Taiwan safe from QE exit: brokerage

WELL-SITUATED:Bank of America Merrill Lynch said Taiwan will be buffered from outflows because foreign funds have only accounted for 1.2 percent of its GDP

Staff writer, with CNA

Taiwan’s stock market would be unlikely to see material impact if the US Federal Reserve scales down its current round of quantitative easing (QE) because the nation’s economic fundamentals remain sound, Bank of America Merrill Lynch said in a research note.

With Taiwan’s export-oriented economy expected to benefit from rising global demand, particularly from the US, the local bourse could be buffered from external shocks if foreign investors start to repatriate their funds due to a possible tapering by the Fed, Merrill Lynch said.

Unlike many emerging economies in Asia, Taiwan boasts ample liquidity, making it better protected against negative external factors, the brokerage said.

Fed Chairman Ben Bernanke spoke in June about the prospects of reducing the bank’s US$85 billion a month bond-buying program later this year, before ending fund injections by the middle of next year if the US economy posts sustainable growth.
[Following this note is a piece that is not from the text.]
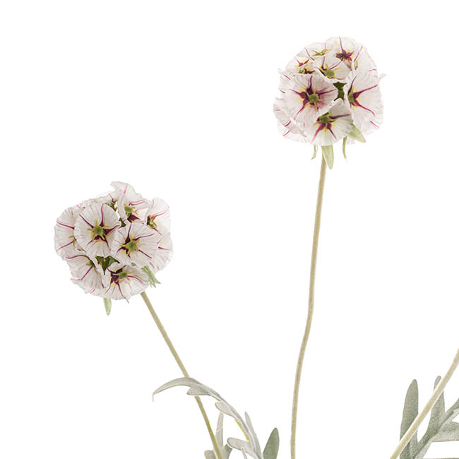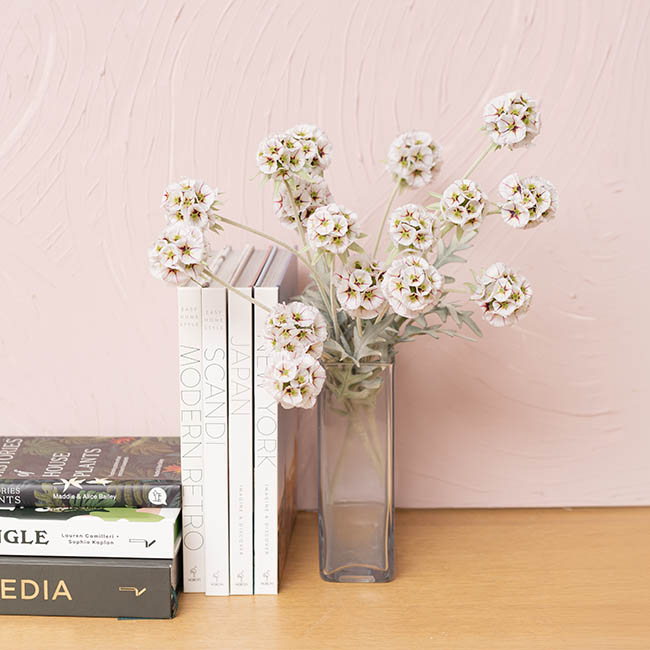 Elevate your floral styling with this elegant Scabiosa Spray in creamy white. Standing 60cm tall and featuring four beautifully textured heads, this refined stem adds softness and dimension to any arrangement. Its neutral tone makes it perfect for classic, modern, or minimalist décor, blending effortlessly with other stems while offering lasting beauty without the upkeep.

Bernanke’s remarks have caused a ripple through global equity markets amid fears of fund outflows, and have boosted government bond yields in the US as many investors fear that ending QE will mean a raise in interest rates.

Merrill Lynch said that although the Fed’s large fund injections create spillover effects for Asia, fund inflows into Taiwan’s market have appeared limited as the local central bank has tried hard to cap the entry of hot money.

Since the Fed launched the first round of QE in early 2009, foreign funds have accounted for 1.2 percent of Taiwan’s GDP, lower than Malaysia’s 7 percent, Thailand’s 2.7 percent and the Philippines’ 2.3 percent, the brokerage said.

Due to the relatively small amount of hot money in its economy, Taiwan is unlikely to feel much of the pinch from fund outflows once the Fed begins to pull down its massive fund injection measures, it said.

Taiwan has large foreign exchange reserves and enjoys a current account surplus, which will help offset the impact of foreign funds expatriation, the brokerage said in the note.

At the end of last month, Taiwan’s foreign exchange reserves rose US$2.51 billion from a month earlier to hit a record high of US$409.12 billion.

In the second quarter, Taiwan posted a current account surplus of US$13.8 billion, up from US$11.09 billion recorded in the first quarter and from US$10.89 billion registered in the same period last year.